Died: 26 April 1920 in Kumbakonam, Tamil Nadu state, India

Achievements: Ramanujan independently discovered results of Gauss, Kummer and others on hypergeometric series. Ramanujan's own work on partial sums and products of hypergeometric series have led to major development in the topic. His most famous work was on the number p(n) of partitions of an integer n into summands.

Srinivasa Ramanujan was a mathematician par excellence. He is widely believed to be the greatest mathematician of the 20th Century. Srinivasa Ramanujan made significant contribution to the analytical theory of numbers and worked on elliptic functions, continued fractions, and infinite series.

Srinivasa Aiyangar Ramanujan was born on December 22, 1887 in Erode, Tamil Nadu. His father worked in Kumbakonam as a clerk in a cloth merchant's shop. At the of five Ramanujan went to primary school in Kumbakonam. In 1898 at age 10, he entered the Town High School in Kumbakonam. At the age of eleven he was lent books on advanced trigonometry written by S. L. Loney by two lodgers at his home who studied at the Government college. He mastered them by the age of thirteen. Ramanujan was a bright student, winning academic prizes in high school.

At age of 16 his life took a decisive turn after he obtained a book titled" A Synopsis of Elementary Results in Pure and Applied Mathematics". The book was simply a compilation of thousands of mathematical results, most set down with little or no indication of proof. The book generated Ramanujan's interest in mathematics and he worked through the book's results and beyond. By 1904 Ramanujan had begun to undertake deep research. He investigated the series (1/n) and calculated Euler's constant to 15 decimal places. He began to study the Bernoulli numbers, although this was entirely his own independent discovery. He was given a scholarship to the Government College in Kumbakonam which he entered in 1904. But he neglected his other subjects at the cost of mathematics and failed in college examination. He dropped out of the college.

Ramanujan lived off the charity of friends, filling notebooks with mathematical discoveries and seeking patrons to support his work. In 1906 Ramanujan went to Madras where he entered Pachaiyappa's College. His aim was to pass the First Arts examination which would allow him to be admitted to the University of Madras. Continuing his mathematical work Ramanujan studied continued fractions and divergent series in 1908. At this stage he became seriously ill again and underwent an operation in April 1909 after which he took him some considerable time to recover.

On 14 July 1909 Ramanujan marry a ten year old girl S Janaki Ammal. During this period Ramanujan had his first paper published, a 17-page work on Bernoulli numbers that appeared in 1911 in the Journal of the Indian Mathematical Society. In 191,1 Ramanujan approached the founder of the Indian Mathematical Society for advice on a job. He got the job of clerk at the Madras Port Trust with the help of Indian mathematician Ramachandra Rao.

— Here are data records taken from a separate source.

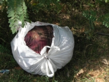 pescoço, foi executada em outro local. Tudo leva a crer que aqui foi apenas um local de desova, já que o corpo está um pouco enrolado com um material parecido com carpete, ou algum tipo de lençol grosso. Nós também encontramos uma bolsa plástica com panos sujos de sangue próximo ao corpo”, relata.
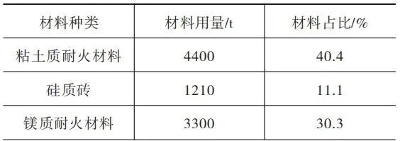 表4 700t/d浮法玻璃熔窯耐火材料配置及用量
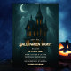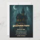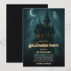 Skapa stämningen för en läskigt rolig natt med denna inbjudan till Halloween-fest i ett spökhus. Ett högt gotiskt hus lyser under en halvmåne medan vänliga spöken svävar genom natthimlen - perfekt för en kostymfest för vuxna eller familjer. Anpassa värdens namn, datum, tid, adress och RSVP. Bra för teman med spökhus, födelsedagar i oktober, grannskapsfester eller din årliga Halloween-fest.
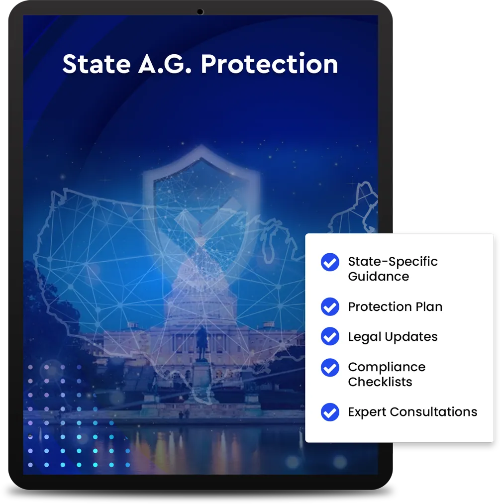 Navigate the complexities of state regulations with our State Attorney General (A.G.) Protection. This bonus includes comprehensive guidance and strategies to ensure your business complies with state-specific laws, protecting you from potential legal challenges at the state level.
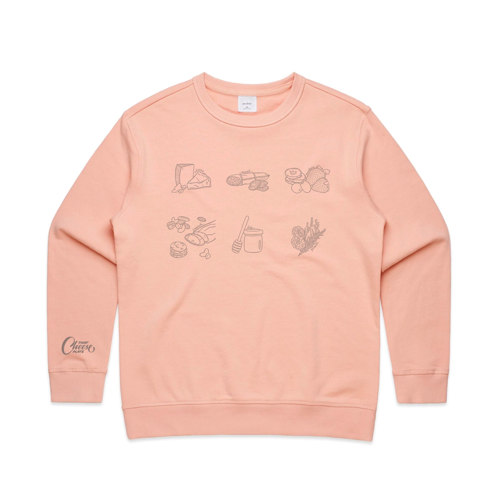 Introducing That Crew Neck, Cheese By Numbers edition! With six hand-drawn illustrations, the sweatshirt showcases each step of the popular "Cheese By Numbers" method: cheese, meat, produce, crunch, dip, and garnish. Show your love for cheese plates in a hip and stylish all year round!
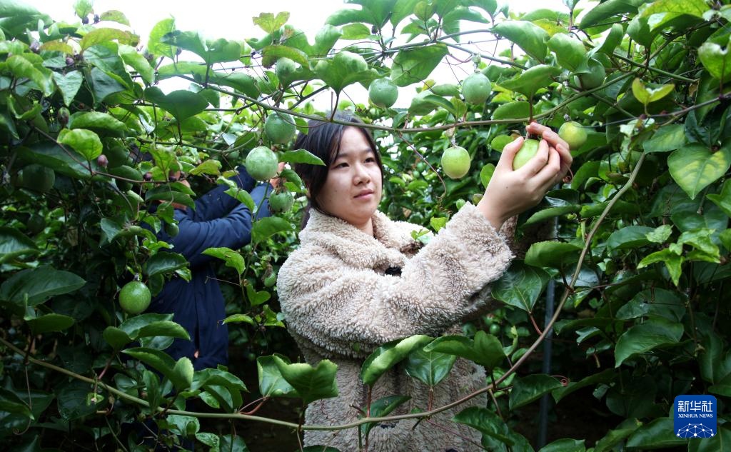 11月5日,當地村民在廣西忻城縣歐洞鄉歐洞村百香果種植基地采摘百香果。
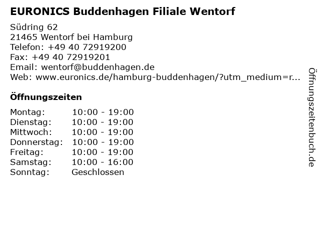 1 Buddenhagen Handelsgesellschaft GmbH & Co. KG, Fil. Wentorf (Entfernung: 0,00 km) Südring 62, 21465 Wentorf 6 |
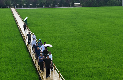 炎炎烈日,稻海荡漾。采风团来到庆阳农场,通过听取介绍、现场交流等方式,先后参观了农场黑稻种植示范基地、黑稻种子繁育基地、毛木耳产业等,详细了解了农场丰富的历史文化和独特地理位置。无论是俯瞰栩栩如生的稻田画,还是近触傲然屹立的黑稻田,无论是忙碌的黑稻生产线,还是在风雨中静默的文化长廊,都让人流连忘返。
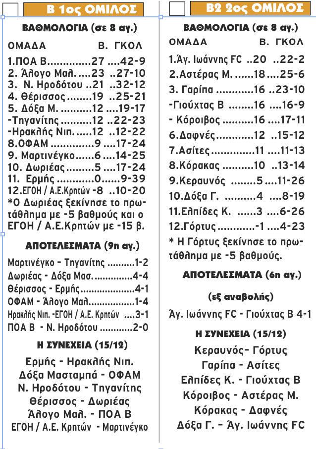 Στη Β2, διεξήχθη μόνο ο εξ αναβολής αγώνας της 6ης αγωνιστικής του Αγίου Ιωάννη FC με τον Γιούχτα Β, που είχε διακοπεί λόγω έντονης βροχόπτωσης (ενώ το σκορ ήταν 1-1).
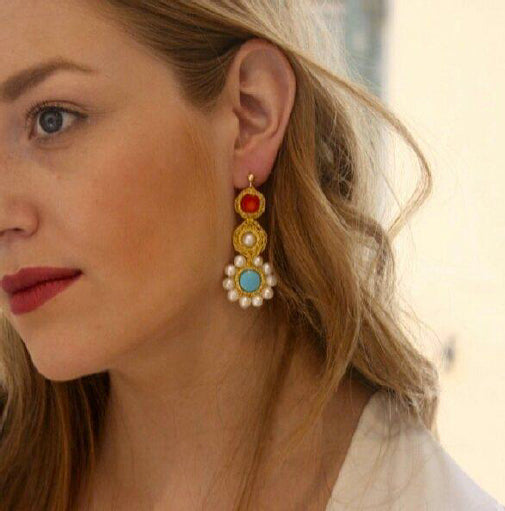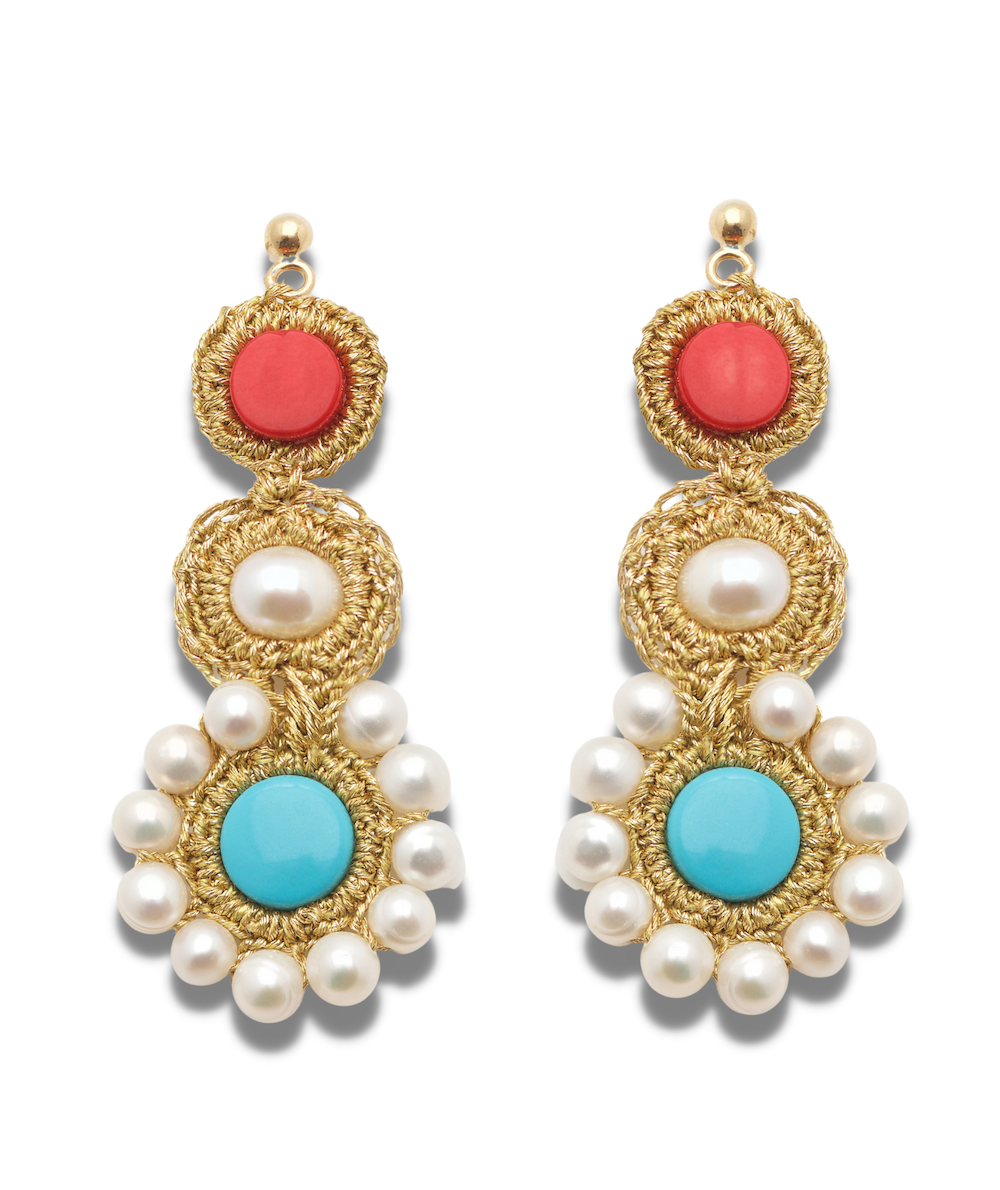 Handcrafted earrings feature a traditional crochet technique. This statement pair also feature selectively sourced semi-precious turquoise and coral stones framed by fresh-water pearls. Each piece is uniquely handcrafted, therefore no two pieces will be exactly identical.
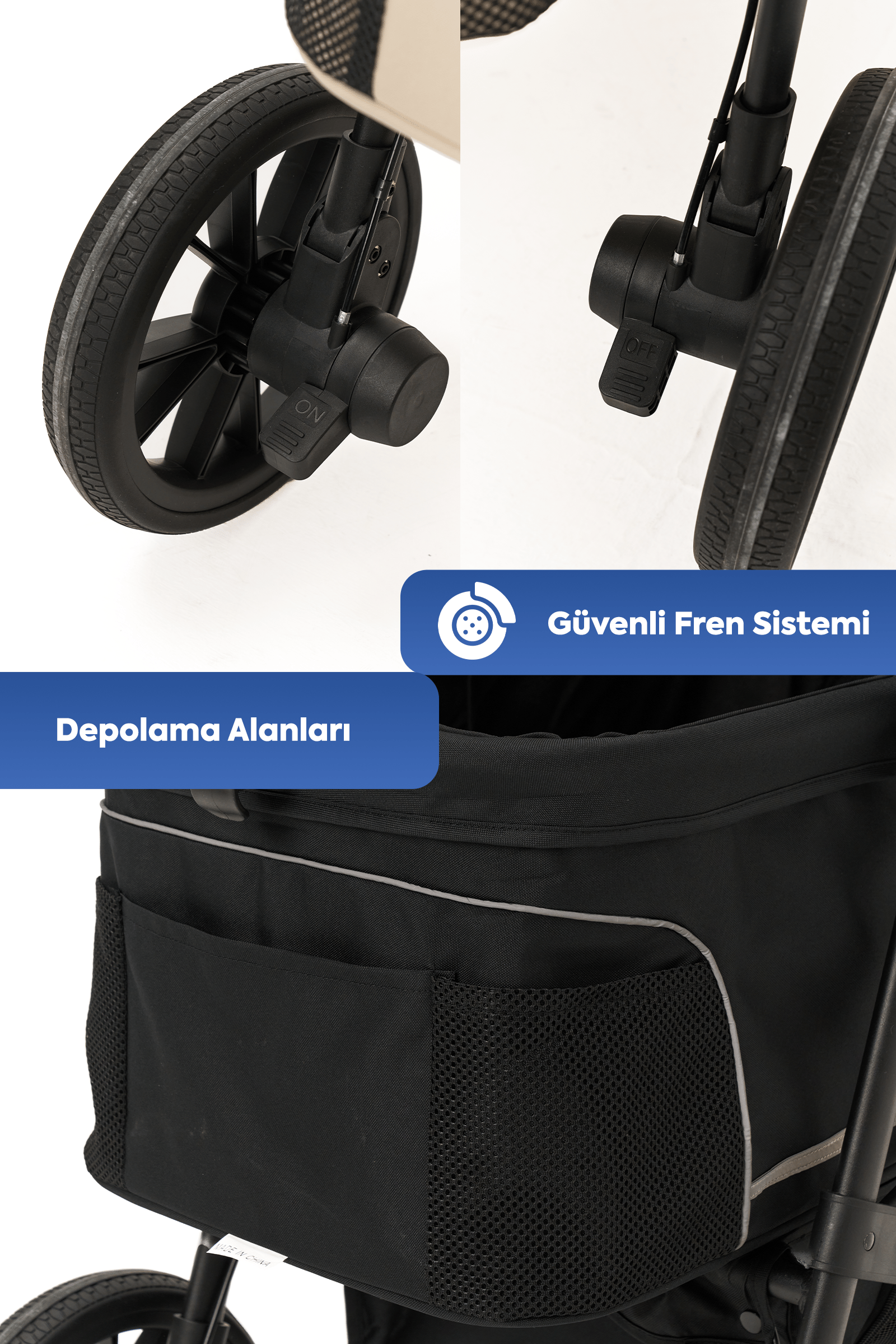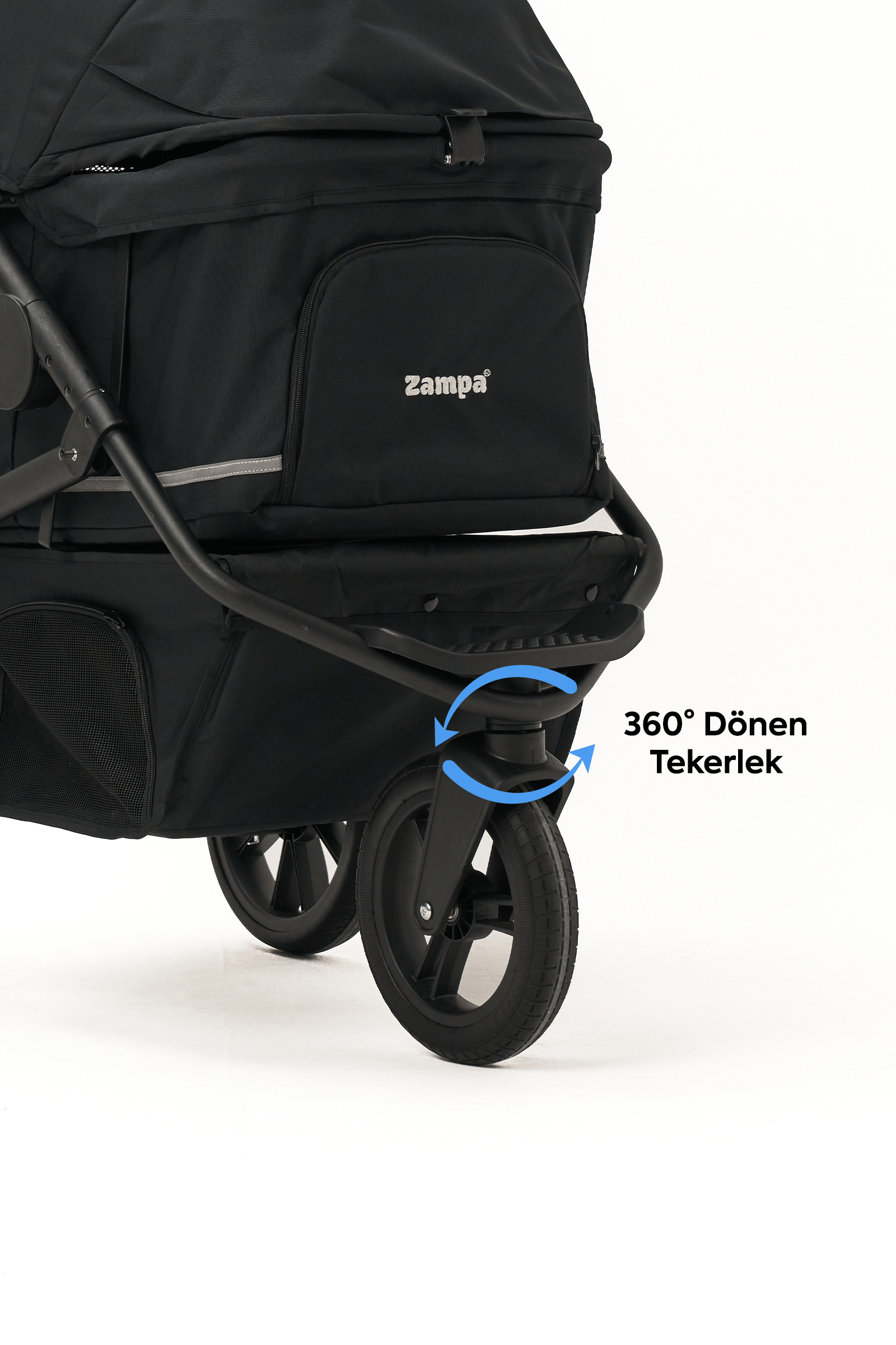360° dönebilen ön tekerlekler ve arka fren sistemi ile dar alanlarda bile kolay yönlendirme sağlar. Eğimli yollarda güvenli sabitleme imkânı sunar.
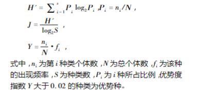 式中,n_i為第i種類個體數,N為總個體數,f_i為該種的出現頻率,S為種類數,P_i為i種所占比例,優(yōu)勢度指數Y大于0.02的種類為優(yōu)勢種。
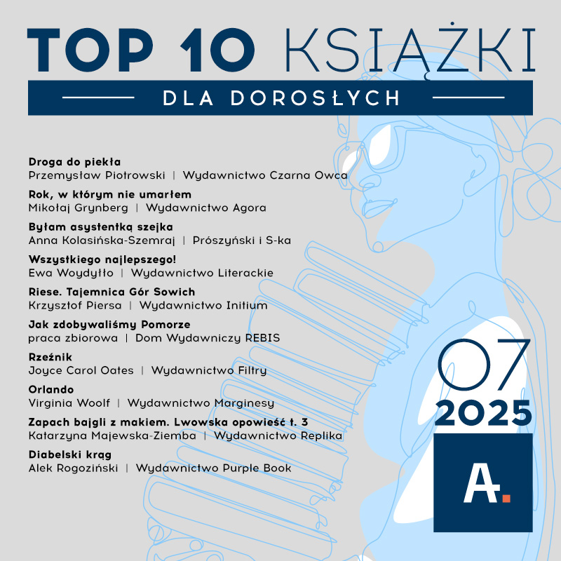 Ateneum, dystrybutor książek, gier, zabawek i artykułów papierniczych, przygotowało zestawienie TOP 10 najlepiej sprzedających się tytułów pośród premier wydawniczych lipca 2025 roku w podziale na dwie kategorie: dla dorosłych oraz dla dzieci i młodzieży.
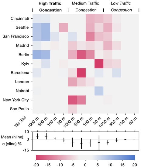 Uber is a mobility service provider, which has recently started providing urban vehicle speed data under the Creative Commons Attribution Non-Commercial License [35]. The authors used it to identify highly traffic-congested road segments in the selected cities. The data come with an OSM highway id as a foreign key that allows matching it to the corresponding OSM road network. Uber provides vehicle speed data for segments of OSM road objects. The road segments are defined by specifying the OSM-id of the start and the end of the segment. In addition, the driving direction is indicated. For the selected cities, average movement speeds differed, being between 27.0 km/h for Sao Paulo and 51.5 km/h for Cincinnati (cf. Table 3).
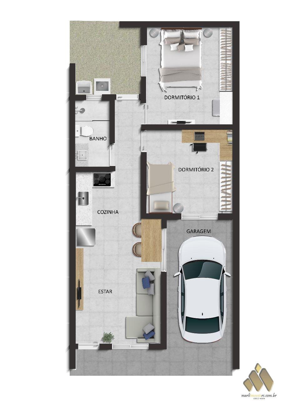 2 dormitórios, sala/cozinha, banheiro, área de serviço, vaga estacionamento.
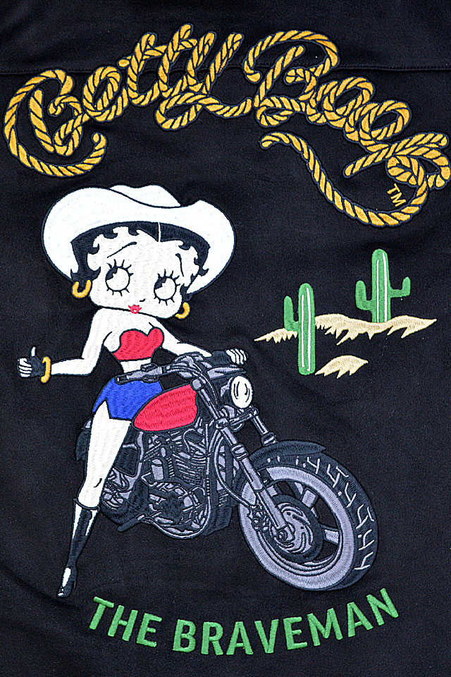 背中には愛車で荒野を駆け巡る、カウガールスタイルのベティが刺繍で落とし込まれています。
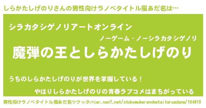 | 意味不明あだ名 | 『住所不定無職しらかたしげのり(68歳)』 |
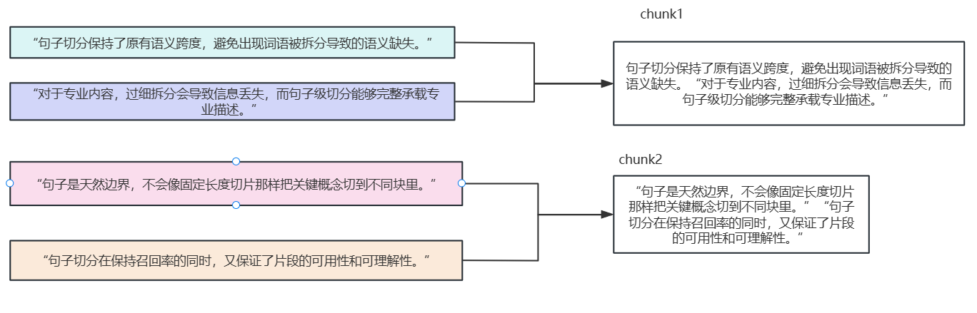 优点:因为是按照句子进行合并的能够较好的保留语义完整性
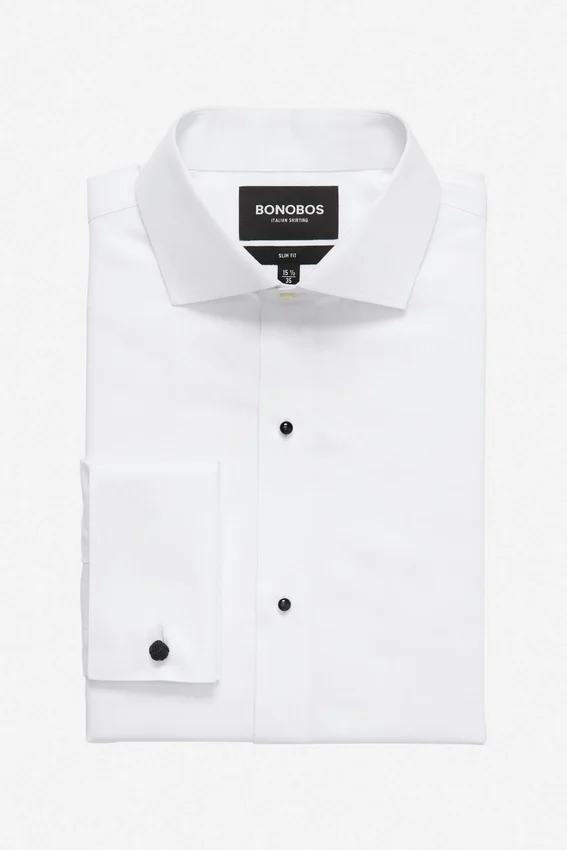 La camisa de esmoquin está disponible en blanco clásico, negro y también en una variedad de estampados y colores únicos. 100 % algodón, botones de nácar, pliegues y puños franceses.
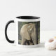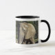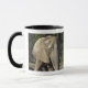 Une tasse de 11 onces avec l'image d'un éléphant frôlant dans le soleil de matin.
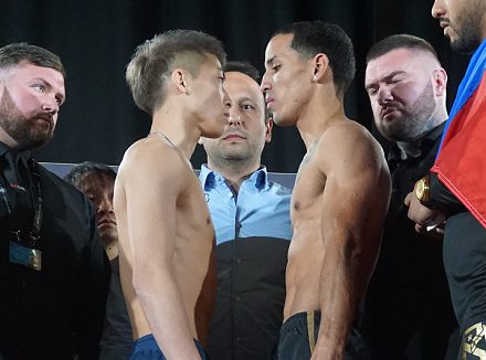 同じリングで行われるWBSS・S・ライト級準決勝、IBF同級王者イバン・バランチェク(ベラルーシ)と挑戦者ジョシュ・テイラー(英)も計量に合格。こちらはフェイスオフでテイラーが仕掛け、関係者がすかさず間に入るシーンがあった。
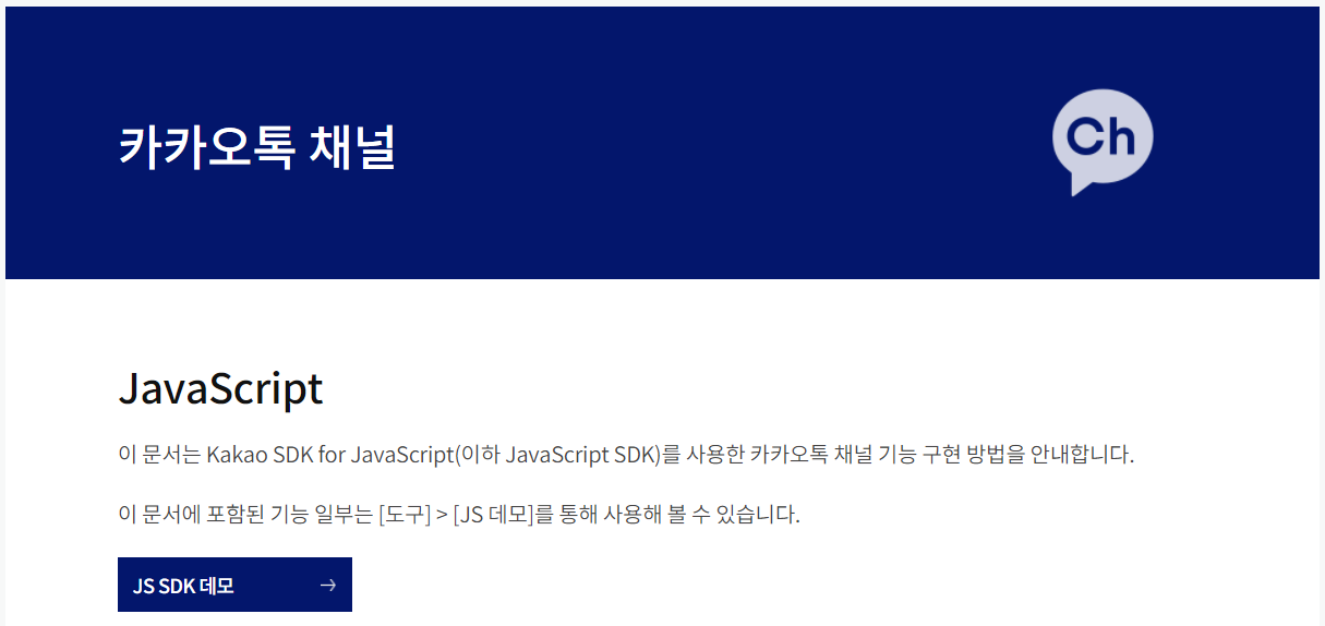 Kakao Developers 화면이 나오면 ‘JS SDK 데모’ 버튼을 클릭해주세요.

The professor of civil engineering at the Madras Engineering College C L T Griffith was interested in Ramanujan's abilities and, having been educated at University College London, knew the professor of mathematics there, namely M J M Hill. He wrote to Hill on 12 November 1912 sending some of Ramanujan's work and a copy of his 1911 paper on Bernoulli numbers. Hill replied in a fairly encouraging way but showed that he had failed to understand Ramanujan's results on divergent series. In January 1913 Ramanujan wrote to G H Hardy having seen a copy of his 1910 book Orders of infinity. Hardy, together with Littlewood, studied the long list of unproved theorems which Ramanujan enclosed with his letter. Hardy wrote back to Ramanujan and evinced interest in his work.

University of Madras gave Ramanujan a scholarship in May 1913 for two years and, in 1914, Hardy brought Ramanujan to Trinity College, Cambridge, to begin an extraordinary collaboration. Right from the start Ramanujan's collaboration with Hardy led to important results. In a joint paper with Hardy, Ramanujan gave an asymptotic formula for p(n). It had the remarkable property that it appeared to give the correct value of p(n), and this was later proved by Rademacher.

Ramanujan had problems settling in London. He was an orthodox Brahmin and right from the beginning he had problems with his diet. The outbreak of World War I made obtaining special items of food harder and it was not long before Ramanujan had health problems.

On 16 March 1916 Ramanujan graduated from Cambridge with a Bachelor of Science by Research. He had been allowed to enrol in June 1914 despite not having the proper qualifications. Ramanujan's dissertation was on Highly composite numbers and consisted of seven of his papers published in England.

Ramanujan fell seriously ill in 1917 and his doctors feared that he would die. He did improve a little by September but spent most of his time in various nursing homes. On February 18, 1918 Ramanujan was elected a fellow of the Cambridge Philosophical Society and later he was also elected as a fellow of the Royal Society of London. By the end of November 1918 Ramanujan's health had greatly improved.

Ramanujan sailed to India on 27 February 1919 arriving on 13 March. However his health was very poor and, despite medical treatment, he died on April 6, 1920.